Data science is experiencing a boom. Data scientists are in high demand but in short supply. The processes for hiring and onboarding new data scientists are too expensive and time-consuming. Companies are looking for other solutions to solve this challenge for data science.
Many private and public universities are investing in data science degrees and programs to keep up with this demand. With a need for data science across all industries—technology, healthcare, government—universities prioritize interdisciplinary programs. Many of these programs are designed to emphasize reshaping the skills needed in the workforce today. Data analytics, visualization, machine learning, and automation are in-demand skills, regardless of industry.
As universities expand their offerings, they may need to incorporate data analytics into their operations. For example, higher education leaders understand the importance of analyzing student enrollment data or degree completion rates. However, they may face specific challenges in implementing a data-driven approach. For any organization to become data-driven, it’s critical that top leadership champions the cause and prioritizes tangible results over hunches.

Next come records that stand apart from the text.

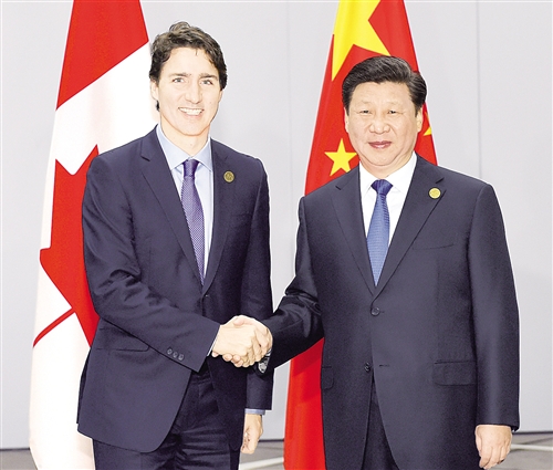 习近平指出,加拿大在发展对华关系方面曾经长期走在西方国家前列。45年前,你的父亲皮埃尔·特鲁多总理作出同新中国建交的历史性决定,展现出非凡政治远见。45年后的今天,中加应该合作、能够合作的领域更加广阔。新形势下,中加双方应该增进政治互信,加强领导人之间的交流和交往,在相互尊重、合作共赢基础上发展长期健康稳定的战略伙伴关系;加强发展战略对接,拓展广泛领域合作;加强文化、教育、旅游等领域交流合作。中方愿同加方一道,创新思维,积极行动,挖掘合作潜力,打造更多合作亮点,把两国务实合作提高到新的更高水平,推动中加战略伙伴关系得到更大发展,更多更好造福两国人民。中方愿同加方在联合国、二十国集团、亚太经合组织等多边机制中加强沟通和协调,更好发挥这些多边机制作用,共同致力于促进亚太地区和世界和平、稳定、繁荣。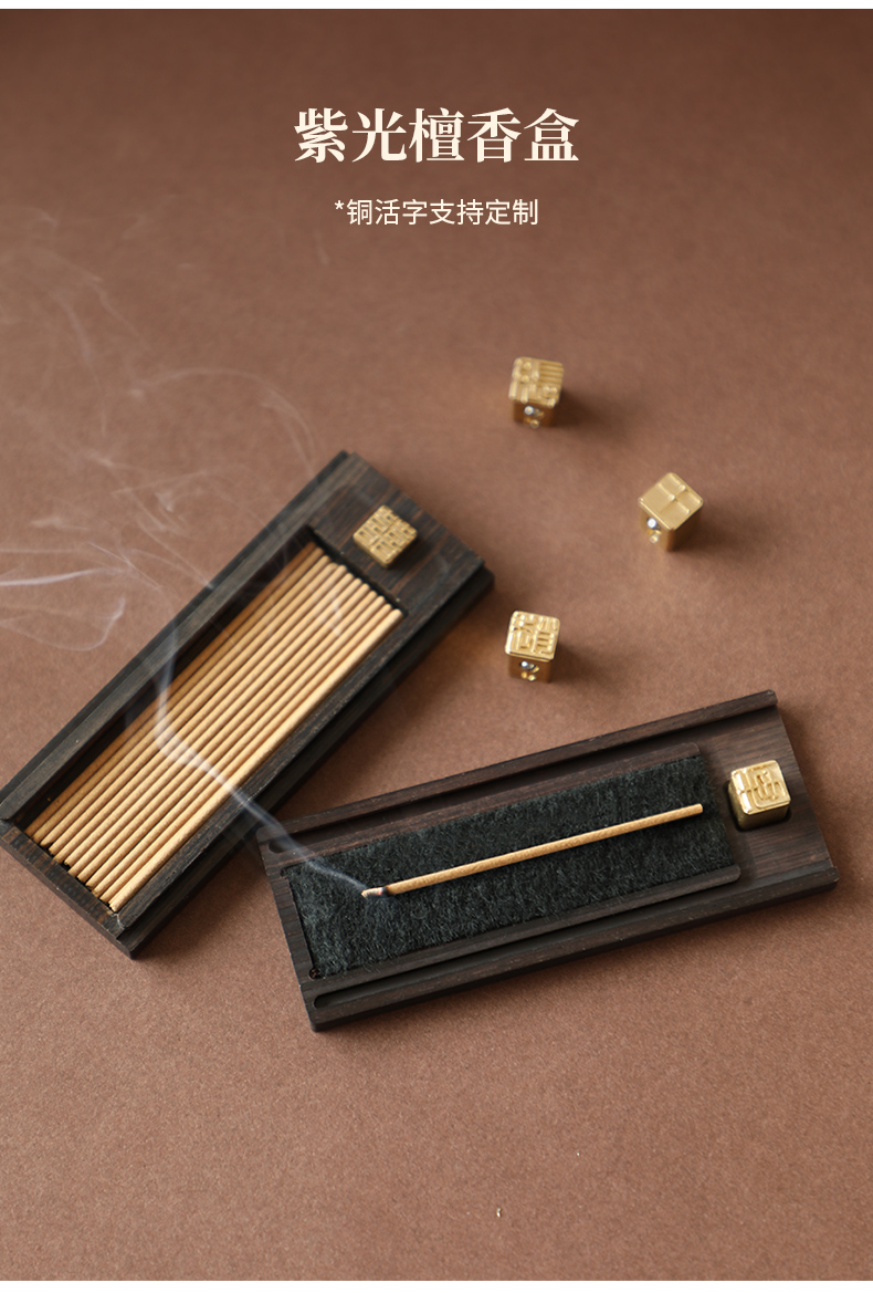 紫光檀香盒+沉香1盒+檀香1盒+礼盒+手袋香盒上的铜活字 可按客户需要定制
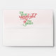 Wonderful Christmas holiday design envelopes with typography text of red and green that reads The Most Wonderful Time of the Year, also features some pretty red snowflakes inside the flap!
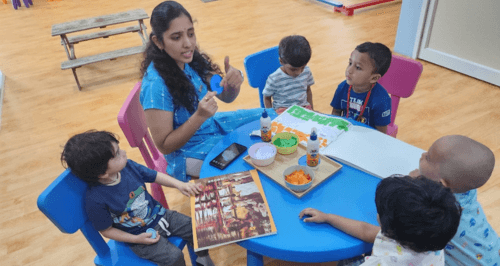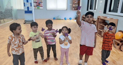 At this age children use their senses to explore the world, hence we have play based learning activities along with sensorial, cognitive and emotional learning.

Many higher education institutions silo analytics capabilities into one department, and there is little incentive or process for sharing data across departments and university functions. For example, the alumni relations department has different needs and priorities than the institutional research team, and thus each group uses its own data sets and prioritizes its analytical needs.
Another challenge colleges and universities face in their data-driven transformation are connecting the various legacy software systems and databases. As Mckinsey notes, “Even with the help of a software platform vendor, the lead time to install, train, and win buy-in for these technical changes can take time, perhaps two to three years, before institutions see tangible outcomes from their analytics programs.”
As higher education institutions increase their data analytics capabilities, senior leadership must go beyond data champions. Instead, they must reiterate the benefits for the university as a whole, highlighting the improvements to the student journey, new research opportunities, and the ability to build a financially secure institution. Establishing a centralized data analytics department that defines standards for capturing, sharing, and managing data across departments is one step institutions can take.
Creating a culture of data sharing is an arduous task for many businesses, and universities have their complexities adding to this challenge. Nevertheless, these institutions can significantly increase value for students while transforming their operations.